■ Assigned task ■
Would you retype the line that contains "This wonderful 2" and all lines following it to the end of the entries below, exactly and without pictures?

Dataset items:
=-=-=-=-=
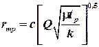 де: Радіус горизонтальної тріщини розраховується за емпіричною формулою
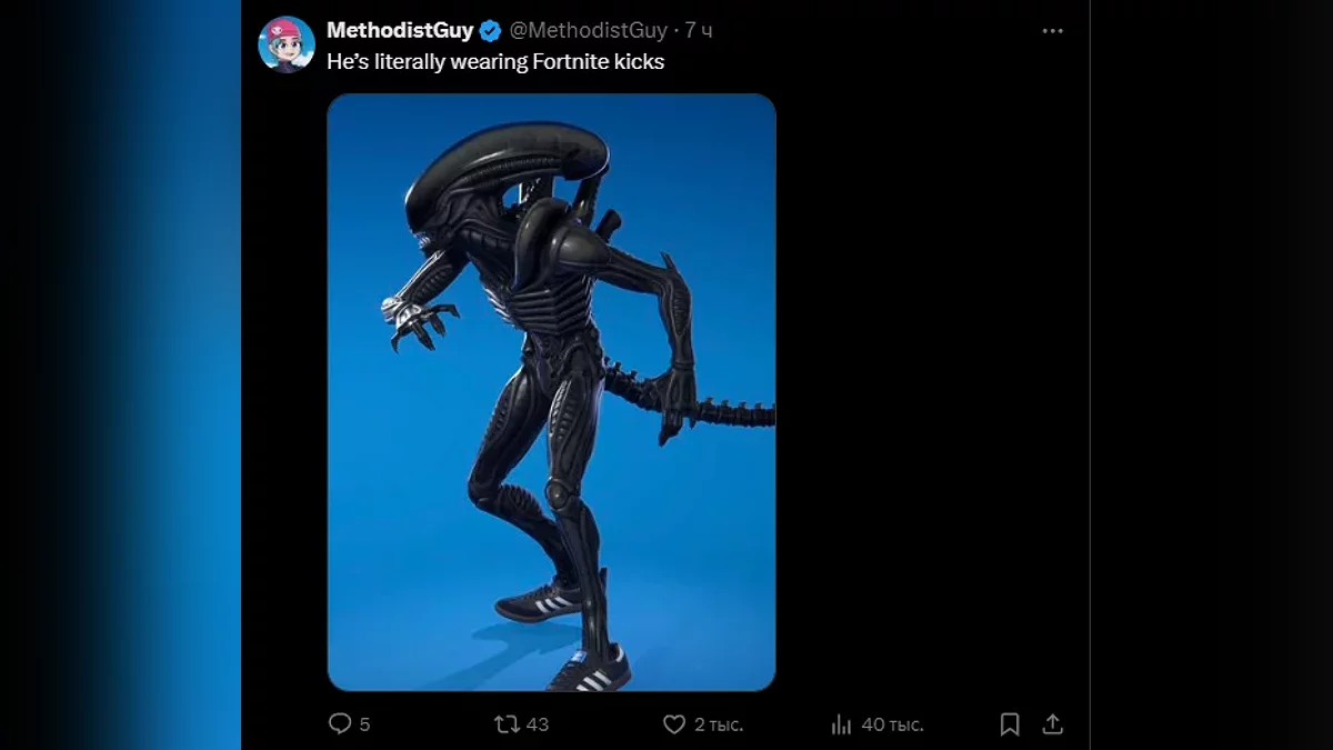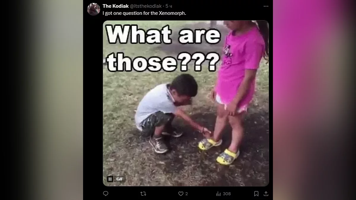 В соцсетях завирусился отрывок со съёмочной площадки сериала Hulu «Чужой: Земля» с актёром, исполнившим роль ксеноморфа. Оказалось, что за кадром Чужой носил легендарные «адидасы», что спровоцировало поток шуток.
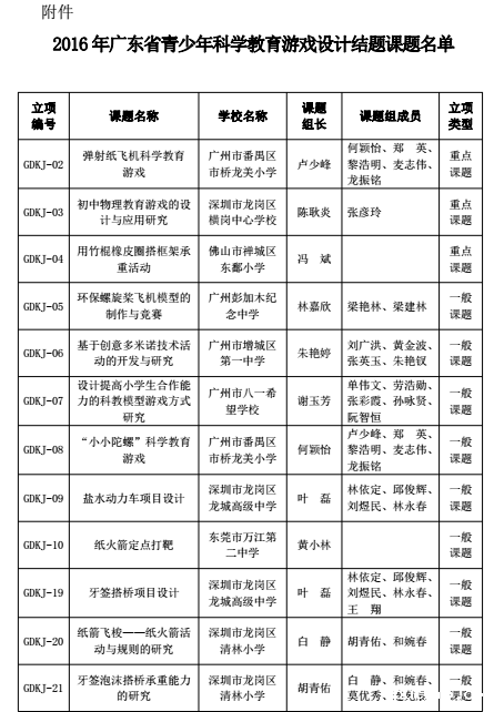 附件:2016年广东省青少年科学教育游戏设计研究结题名单.doc
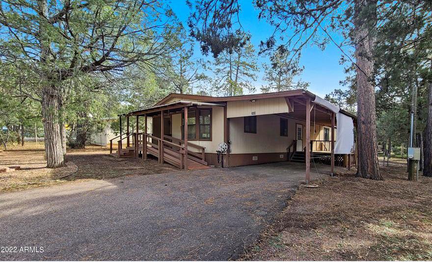 This wonderful 2 bedroom 2 bathroom home has many nice appointments throughout. There is a Den or potential 3rd bedroom off of the Large Living room. Kitchen has lots of cabinet space with Island bar and good counter space. Separate Laundry room and spacious bedrooms make this home perfect for full or part time living. The exterior includes a covered carport, shed and two nice covered decks to enjoy the fresh mountain air of Payson Arizona. Hud Stickers are present. The property has a very nice sized yard with tall pines and so much more. Take a look at this one today!
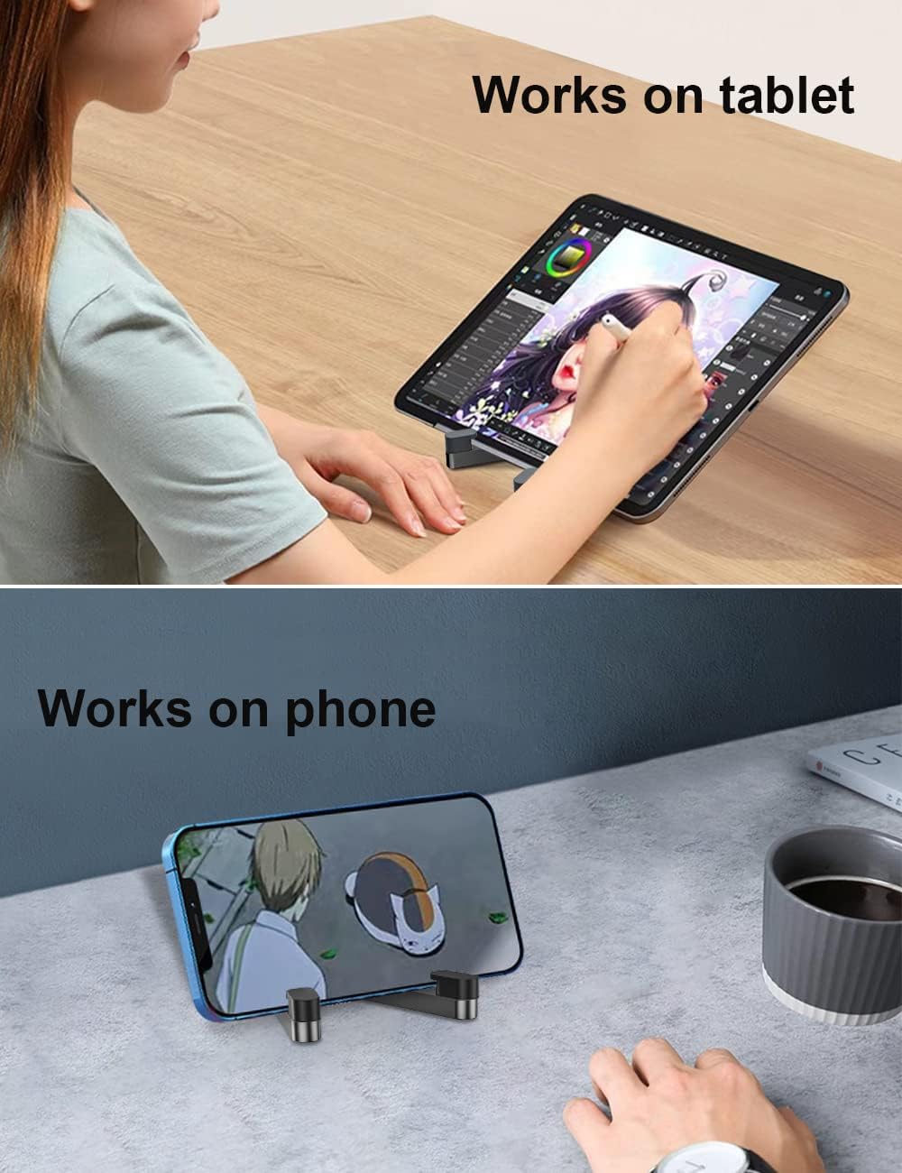 - 2 in 1 Phone Holder and Tablet Stand - Compatible with iPhone, Smartphones, iPad and most tablets in smaller than 10.5 inches. Designed on a low center of gravity makes it more stable, so it fits all size of the cell phone and various tablets.
=-=-=-=-=
■ Result of this task ■
 This wonderful 2 bedroom 2 bathroom home has many nice appointments throughout. There is a Den or potential 3rd bedroom off of the Large Living room. Kitchen has lots of cabinet space with Island bar and good counter space. Separate Laundry room and spacious bedrooms make this home perfect for full or part time living. The exterior includes a covered carport, shed and two nice covered decks to enjoy the fresh mountain air of Payson Arizona. Hud Stickers are present. The property has a very nice sized yard with tall pines and so much more. Take a look at this one today!
 - 2 in 1 Phone Holder and Tablet Stand - Compatible with iPhone, Smartphones, iPad and most tablets in smaller than 10.5 inches. Designed on a low center of gravity makes it more stable, so it fits all size of the cell phone and various tablets.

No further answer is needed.